_INFORMATION PROVIDED_:
▬▬▬▬▬▬▬▬▬▬

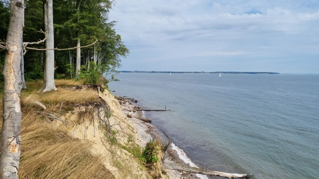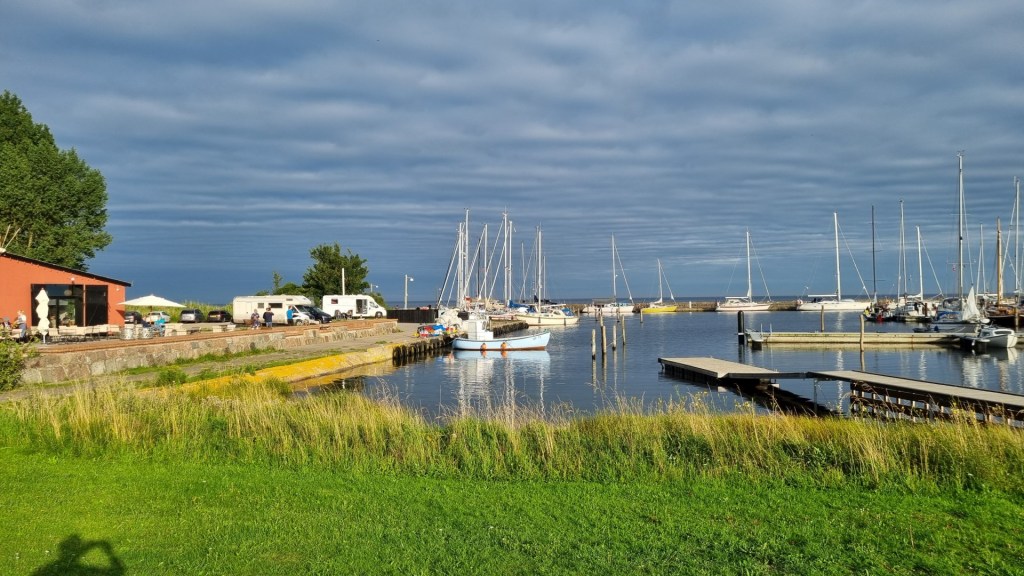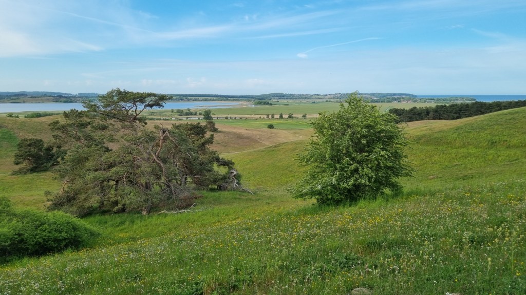 Am nächsten Morgen stehen wir um 5 Uhr auf, denn wir wollen die Ostsee überqueren nach Darßer Ort und wissen aus den Wettervorhersagen, dass der Wind gegen Mittag einschlafen wird. Beim nochmaligen Prüfen des Wetters am Morgen werde ich unsicher, der Wind kommt nun doch östlicher als Süd und es sind Böen bis 35 kn angesagt, es liegen Gewitter in der Luft. Wir sind vernünftig und lassen es sein, denn wir haben keinen Druck und sind lieber vorsichtig, denn Gewitter auf See versuchen wir zu vermeiden. Wir gehen nach dem Frühstück wieder in die Koje und wandern später die Küste bis zum Grønsund entlang. Es ist für uns immer wieder ein schönes Erlebnis, eine Landschaft aus einer anderen Perspektive nun zu Fuß zu sehen und wir sind froh, auch auf Falster eine Wanderung gemacht zu haben.
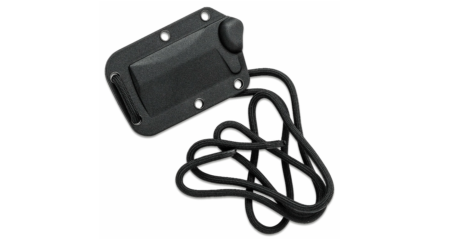Le manche texturé en Micarta, en finition noir‑vert, offre une prise en main sûre et confortable même lors d’un usage prolongé. L’emballage comprend un étui plastique léger pouvant être suspendu à la paracorde fournie pour un accès discret et rapide.
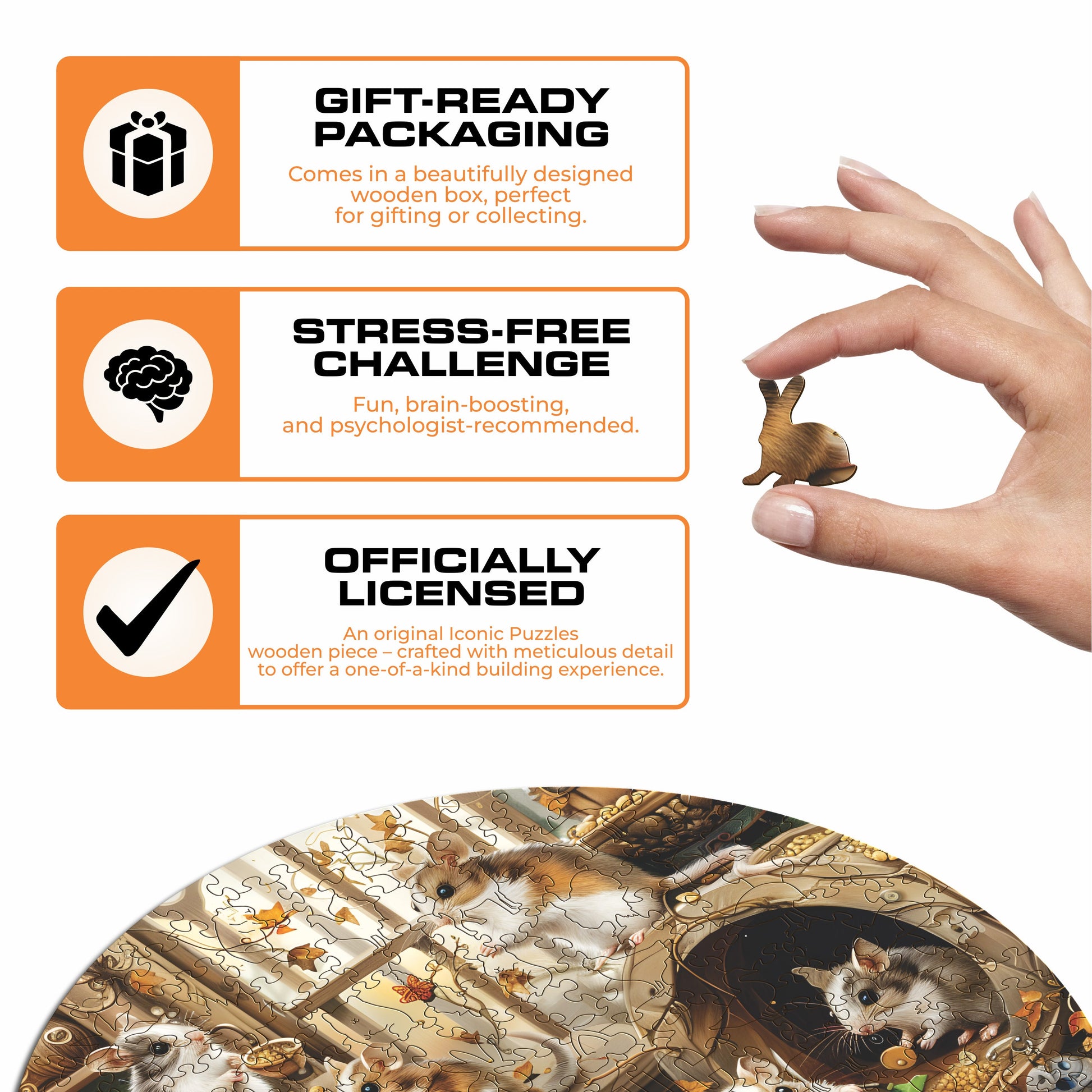 - 100% sustainable wooden puzzle, 1/5in (0.3cm) thick.

▬▬▬▬▬▬▬▬▬▬

_WORK TO BE COMPLETED_: Only the pictures are dropped when you print the material; everything else is copied exactly.

_SOLVED PROBLEM_:
 Am nächsten Morgen stehen wir um 5 Uhr auf, denn wir wollen die Ostsee überqueren nach Darßer Ort und wissen aus den Wettervorhersagen, dass der Wind gegen Mittag einschlafen wird. Beim nochmaligen Prüfen des Wetters am Morgen werde ich unsicher, der Wind kommt nun doch östlicher als Süd und es sind Böen bis 35 kn angesagt, es liegen Gewitter in der Luft. Wir sind vernünftig und lassen es sein, denn wir haben keinen Druck und sind lieber vorsichtig, denn Gewitter auf See versuchen wir zu vermeiden. Wir gehen nach dem Frühstück wieder in die Koje und wandern später die Küste bis zum Grønsund entlang. Es ist für uns immer wieder ein schönes Erlebnis, eine Landschaft aus einer anderen Perspektive nun zu Fuß zu sehen und wir sind froh, auch auf Falster eine Wanderung gemacht zu haben.
Le manche texturé en Micarta, en finition noir‑vert, offre une prise en main sûre et confortable même lors d’un usage prolongé. L’emballage comprend un étui plastique léger pouvant être suspendu à la paracorde fournie pour un accès discret et rapide.
 - 100% sustainable wooden puzzle, 1/5in (0.3cm) thick.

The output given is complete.